Fellow Asperger's sufferer Aaron Caffrey was tried (and acquitted) at Southwark Crown Court of the 2001 systems crash involving the navigational network at Houston, Texas.

A 19-year-old Richard Pryce ("the Datastream Cowboy") was fined £1200 for the "schoolboy prank" of using his hacking of a US Air Force computer system to infiltrate the system of a South Korean atomic research institute during sensitive negotiations between the US and North Korea.

Gary McKinnon was in London when he hacked into the systems. If prosecuted anywhere it should be in England. The DPP appears more unwilling to act than unable to do so.

It is hard not to be aware of the firm grip on the shoulder from our special friend across the Atlantic, and his willingness to use extradition arrangements which seem to emasculate our courts' ability to test the evidence and protect British citizens.

If there is any positive, or perhaps mixed, aspect of Gary's case, it may be that he now knows that he suffers from Asperger's Syndrome, a form of autism. When interviewed on TV in relation to an unsuccessful appeal to the House of Lords, Gary was seen by various experts who suspected that he may suffer from the syndrome. The suspicion was subsequently confirmed by formal diagnosis in August 2008. It is said to help explain his hacking activities. Unfortunately the Home Secretary considers it irrelevant to the question of extradition, despite a tradition in the US of poor treatment of those with mental health issues.

Gary's Asperger's is likely to make his stay in a US prison unbearable, to the extent even that it is feared that he may commit suicide. Together with the ability to prosecute him in England his Asperger's should seal the refusal to extradite him. The signs are not good because the law is not good, especially where it touches on anti-terrorism.
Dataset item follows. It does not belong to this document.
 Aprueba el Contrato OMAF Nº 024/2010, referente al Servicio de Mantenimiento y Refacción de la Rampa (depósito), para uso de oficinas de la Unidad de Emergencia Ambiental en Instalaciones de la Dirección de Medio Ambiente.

Function creep is a symptom of New Labour. We have seen it with Regulation of Investigatory Powers legislation, inappropriately used by local authorities to investigate fly-tipping, dog-fouling and policing school catchment areas.
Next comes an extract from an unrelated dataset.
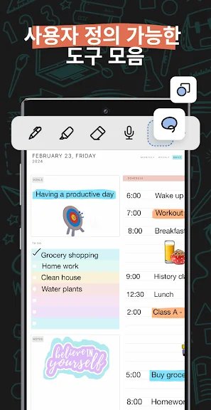 - 다양한 실감 나는 펜과 형광펜을 사용하여 아름다운 손글씨 노트를 작성하세요. 필기체에 미적인 터치를 추가할 수 있는 만년필을 사용해 보세요.

We saw it also with the use of anti-terror laws to freeze assets in an Icelandic bank at the start of the collapse of world banking, and with the use of such powers to stifle Walter Wolfgang's mild dissent at the Labour Party conference in 2005.

Although extradition was never said to relate exclusively to terrorist offences, the current arrangements were sold to us mainly as a weapon in the war on terror.

Last week the Commons debated the US/UK Extradition Treaty and the Extradition Act 2003. The Government outvoted those who wanted a review of the workings of extradition. They did so with the votes of some who had spoken in favour of Gary McKinnon.

There was a stench of hypocrisy in the air, made more acrid by the shameful contribution of Denis MacShane, who compared Gary's condition to Ernest Saunders' conveniently disappearing pre-senile dementia. Westminster appears prepared to allow the current situation to continue without even a review, notwithstanding the many critics.

Even the Government's own independent reviewer of our anti-terror laws has said that Gary should be prosecuted here and certainly not sent to the US. In The Herald in February Joseph Gutheinz, a retired senior special agent for NASA's Office of Inspector General, and now a college lecturer in criminal justice, urged an end to Gary's extradition proceedings and questioned the ability of the US justice system to deal appropriately with someone who suffered from Asperger's.

Gary's case has been through the High Court, House of Lords and European Court of Human Rights. It is once more before the High Court with the review of the refusal by the DPP to prosecute, and the implications of Gary's Asperger's. Some news is expected this week. The courts in England have few remaining opportunities to do the right thing if the DPP refuses to do so. If the law proves this week to be the obstacle to doing the right thing then it is simple - the law must be changed.

John Scott, Solicitor Advocate, is chairman of the Howard League for Penal Reform in Scotland.